■ **Records for the task**
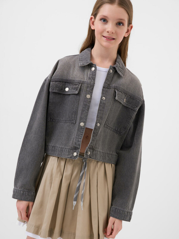 Джинсовая куртка для девочки подростка. Модель выполнена из плотного варёного денима серого цвета. Куртка свободного кроя, длина — чуть выше талии. Спереди расположены два накладных кармана на кнопках. Застежка по центру — на металлических кнопках. Рукава с манжетами на кнопках. Спинка украшена декоративной нашивкой. Низ куртки оформлен необработанным срезом с бахромой.
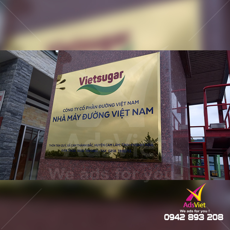 AdsViet thi công dán Decal xe, bảng hiệu, bảng công ty bằng Inox, Inox ăn mòn tại Nhà máy đường Khánh Hoà.
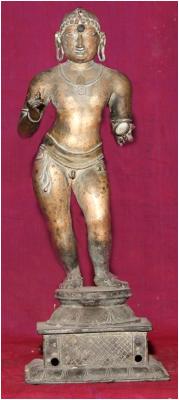 | Description / विवरण | Standing on padma peetam. Two hands having talas musical instruments wearing no dress. Only idaikatcham . long ears with big holes. |
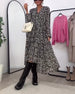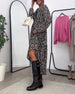 Klänning Långärmad Leopardskrivmönster
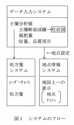 - C言語を用いてプログラムされたWindows95以上で動作するパソコンソフトであり、データ入力、処方箋、地点情報の各システムで構成される(図1)。
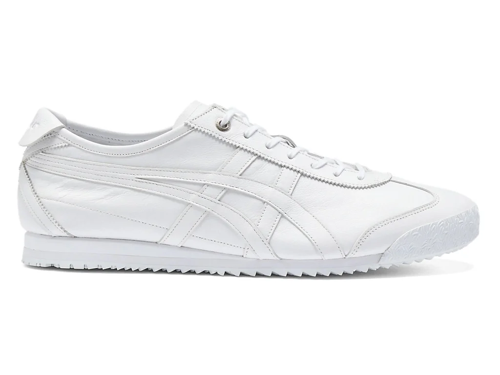 Introducing the MEXICO 66 SD, a model reinvented with elements inherited from our iconic MEXICO 66 shoe including the Onitsuka Tiger Stripes, a thin sole and the cross parts of the heel that represent Onitsuka Tiger and its rich history. The soft, elegant leather delivers a refined silhouette and further pursues comfort. The slim shoelaces and metal eyelets also create an elegant impression. -Leather upper -Metal eyelets -AMPLIFOAM material in heel wedge for superior cushioning -Original outsole compound for excellent grip -OrthoLite X-40 sockliner for springy feel and softer ground impact Country of Manufacture : Vietnam / Indonesia DETAIL INFORMATION - Brand: Onitsuka Tiger - Part No: 1183A872 - 1183A872.117 WHITE/WHITE - Upper material/surface: Leather - Outer Sole Material: Rubber
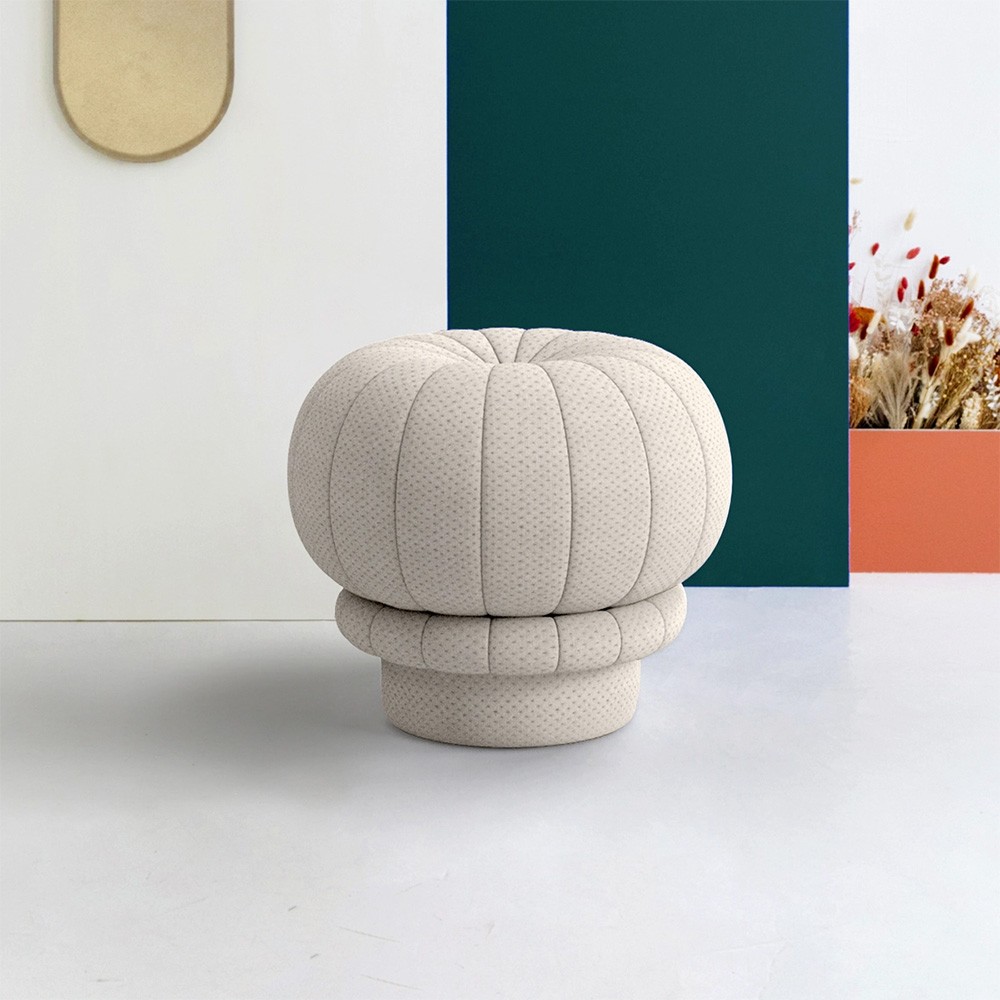 The Claudie pouf is round, plump and chubby, inviting comfort and complementing other seating in the living room. Perfect as a stool in a bedroom, in front of a dressing table for example. In ochre yellow, pearl grey or cactus green, the Claudie footstool complements both colorful and sober interiors.
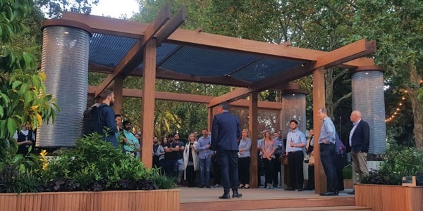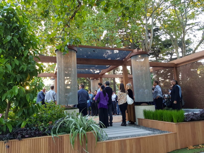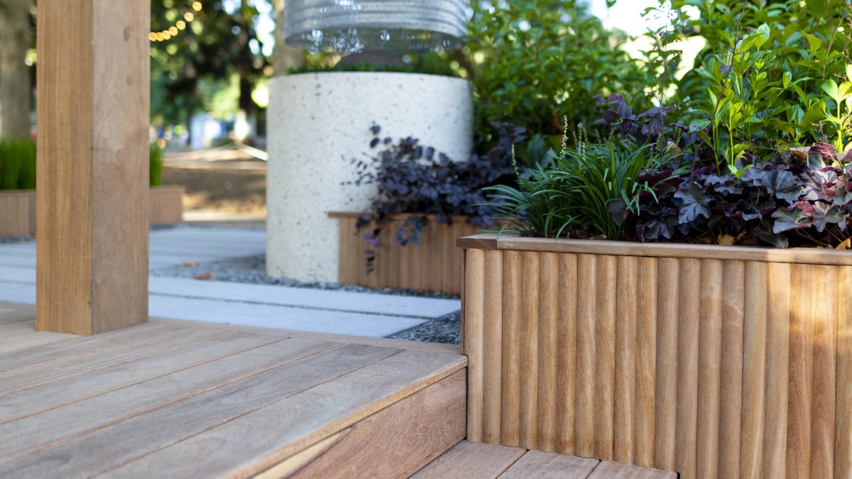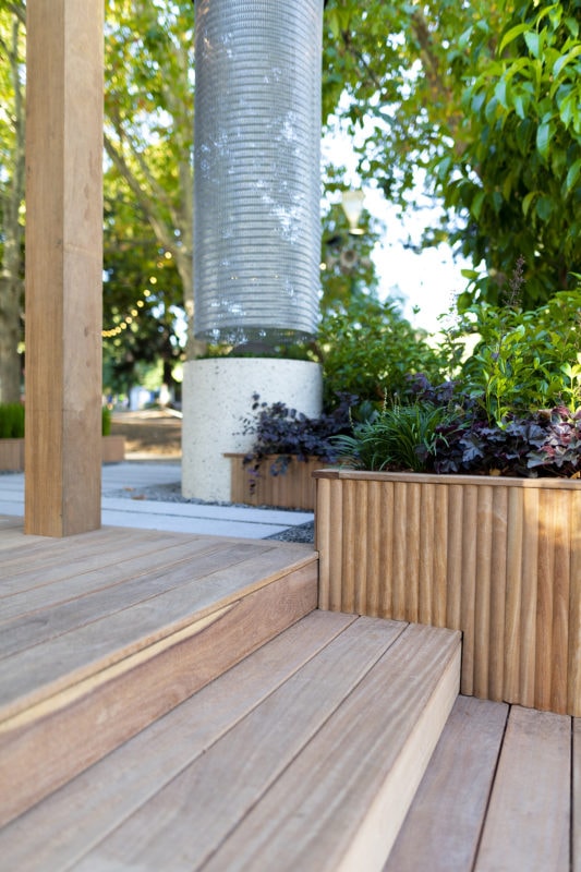.The Welcome Garden was a central feature – announcing the Victoria Street entrance to the Carlton Gardens and providing a space for events, talks, relaxation. Award-winning landscape designer, Mark Browning designed this year's Welcome Garden. It featured sustainably certified Porta Cumaru hardwood for the decking, posts and beams for the pergola and landscaping. The natural materials added softness and warmth to the design, which was balanced with the striking mass and expanse of the loggia – creating a statement entrance.
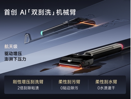 追觅科技的专利布局始终围绕用户真实生活场景展开,致力于解决传统清洁方式中长期存在的痛点。其技术创新的最大特征在于系统性——从智能感知到机械执行,从化学清洁到物理消杀,形成了完整的技术闭环。例如旗舰店卖的比较火产品T60 Ultra和H60 Ultra,便是多项行业首创科技的集大成者。针对家具边缘、墙角等难以触及的区域,新一代T60 Ultra通过自主研发的AI机械臂技术,实现了清洁组件在机器行走过程中的主动横向延伸与智能加压贴合,使机器能够模拟人手擦洗动作,从而将“沿边通过”提升为“沿边净洗”,显著提升了清洁效果的彻底性。

■ **The problem**
Every line from the one holding "Introducing the MEXICO" to the last line of the listing above, inclusive, must appear exactly as written, and no picture may appear.

■ **Answer to this problem**
 Introducing the MEXICO 66 SD, a model reinvented with elements inherited from our iconic MEXICO 66 shoe including the Onitsuka Tiger Stripes, a thin sole and the cross parts of the heel that represent Onitsuka Tiger and its rich history. The soft, elegant leather delivers a refined silhouette and further pursues comfort. The slim shoelaces and metal eyelets also create an elegant impression. -Leather upper -Metal eyelets -AMPLIFOAM material in heel wedge for superior cushioning -Original outsole compound for excellent grip -OrthoLite X-40 sockliner for springy feel and softer ground impact Country of Manufacture : Vietnam / Indonesia DETAIL INFORMATION - Brand: Onitsuka Tiger - Part No: 1183A872 - 1183A872.117 WHITE/WHITE - Upper material/surface: Leather - Outer Sole Material: Rubber
 The Claudie pouf is round, plump and chubby, inviting comfort and complementing other seating in the living room. Perfect as a stool in a bedroom, in front of a dressing table for example. In ochre yellow, pearl grey or cactus green, the Claudie footstool complements both colorful and sober interiors.
.The Welcome Garden was a central feature – announcing the Victoria Street entrance to the Carlton Gardens and providing a space for events, talks, relaxation. Award-winning landscape designer, Mark Browning designed this year's Welcome Garden. It featured sustainably certified Porta Cumaru hardwood for the decking, posts and beams for the pergola and landscaping. The natural materials added softness and warmth to the design, which was balanced with the striking mass and expanse of the loggia – creating a statement entrance.
 追觅科技的专利布局始终围绕用户真实生活场景展开,致力于解决传统清洁方式中长期存在的痛点。其技术创新的最大特征在于系统性——从智能感知到机械执行,从化学清洁到物理消杀,形成了完整的技术闭环。例如旗舰店卖的比较火产品T60 Ultra和H60 Ultra,便是多项行业首创科技的集大成者。针对家具边缘、墙角等难以触及的区域,新一代T60 Ultra通过自主研发的AI机械臂技术,实现了清洁组件在机器行走过程中的主动横向延伸与智能加压贴合,使机器能够模拟人手擦洗动作,从而将“沿边通过”提升为“沿边净洗”,显著提升了清洁效果的彻底性。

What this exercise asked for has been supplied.